### Data provided
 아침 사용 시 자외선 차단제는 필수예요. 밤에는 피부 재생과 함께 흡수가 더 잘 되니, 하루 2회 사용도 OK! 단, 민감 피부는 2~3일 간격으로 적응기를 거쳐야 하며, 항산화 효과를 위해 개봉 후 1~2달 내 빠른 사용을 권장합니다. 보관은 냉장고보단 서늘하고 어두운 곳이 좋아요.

==

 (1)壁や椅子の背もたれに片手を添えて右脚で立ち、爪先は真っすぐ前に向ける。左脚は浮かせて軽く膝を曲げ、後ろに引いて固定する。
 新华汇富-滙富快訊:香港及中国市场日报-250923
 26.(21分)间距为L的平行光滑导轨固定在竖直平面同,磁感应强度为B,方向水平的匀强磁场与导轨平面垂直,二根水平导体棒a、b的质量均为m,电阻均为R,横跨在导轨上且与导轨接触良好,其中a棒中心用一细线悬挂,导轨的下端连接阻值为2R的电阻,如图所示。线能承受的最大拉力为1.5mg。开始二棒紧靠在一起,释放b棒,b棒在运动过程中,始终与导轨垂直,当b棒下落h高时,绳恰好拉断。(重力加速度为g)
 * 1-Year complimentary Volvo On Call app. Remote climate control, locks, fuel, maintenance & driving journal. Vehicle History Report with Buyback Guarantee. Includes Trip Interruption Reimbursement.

* * *

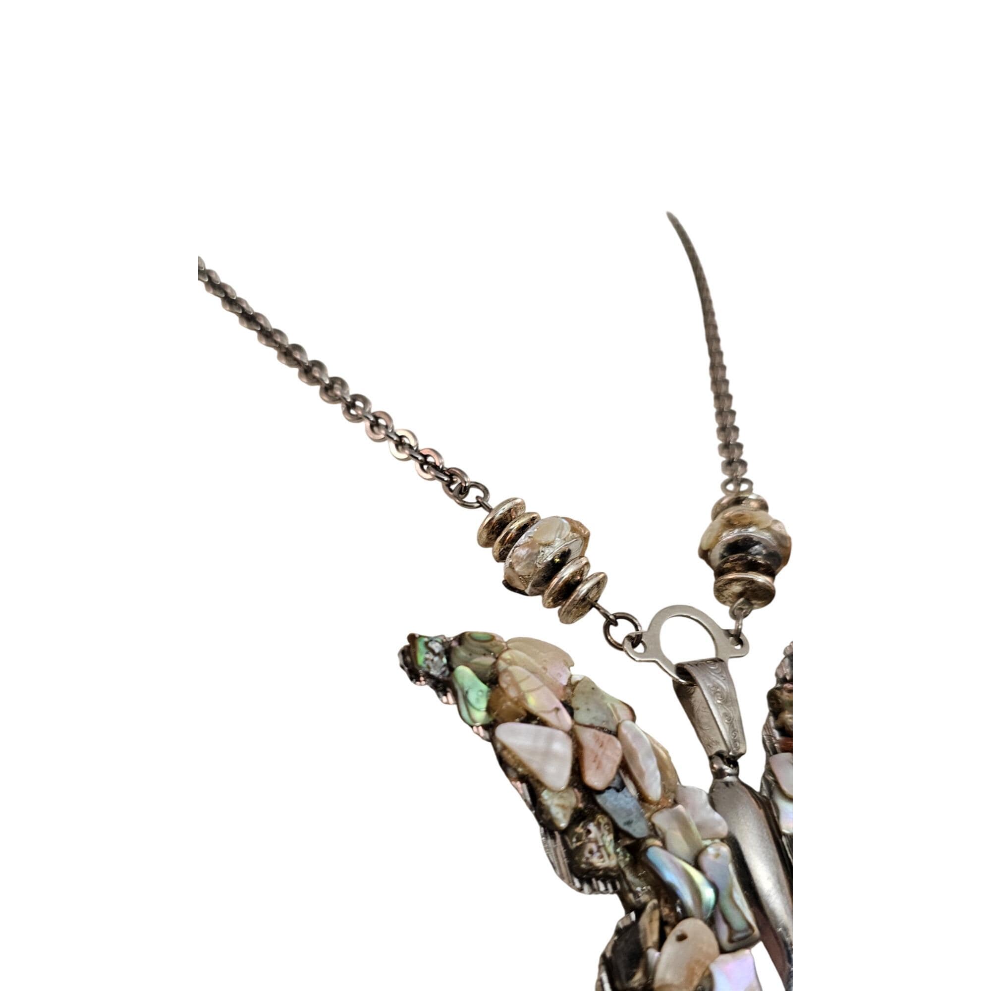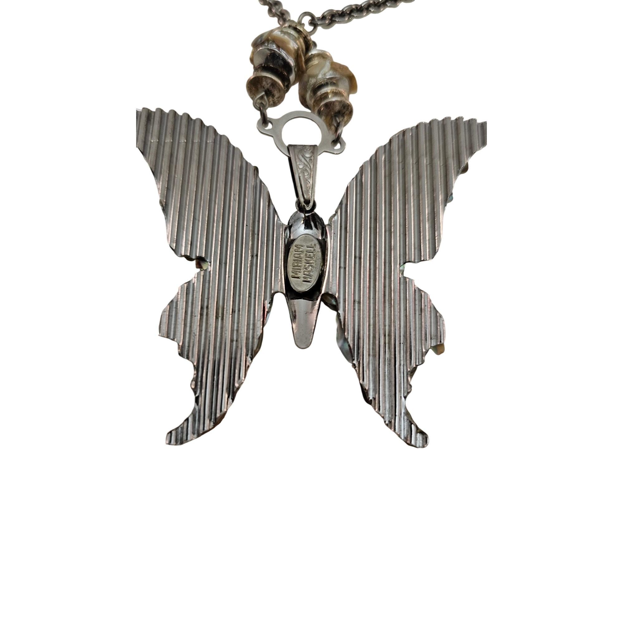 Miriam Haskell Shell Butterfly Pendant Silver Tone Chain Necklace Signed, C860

### What the exercise asks
Scan the lines above for "(1)壁や椅子の背もたれに片" and for "Trip Interruption Reimbursement.". Repeat exactly the line holding each of them and every line in between.

### Result for this task
 (1)壁や椅子の背もたれに片手を添えて右脚で立ち、爪先は真っすぐ前に向ける。左脚は浮かせて軽く膝を曲げ、後ろに引いて固定する。
 新华汇富-滙富快訊:香港及中国市场日报-250923
 26.(21分)间距为L的平行光滑导轨固定在竖直平面同,磁感应强度为B,方向水平的匀强磁场与导轨平面垂直,二根水平导体棒a、b的质量均为m,电阻均为R,横跨在导轨上且与导轨接触良好,其中a棒中心用一细线悬挂,导轨的下端连接阻值为2R的电阻,如图所示。线能承受的最大拉力为1.5mg。开始二棒紧靠在一起,释放b棒,b棒在运动过程中,始终与导轨垂直,当b棒下落h高时,绳恰好拉断。(重力加速度为g)
 * 1-Year complimentary Volvo On Call app. Remote climate control, locks, fuel, maintenance & driving journal. Vehicle History Report with Buyback Guarantee. Includes Trip Interruption Reimbursement.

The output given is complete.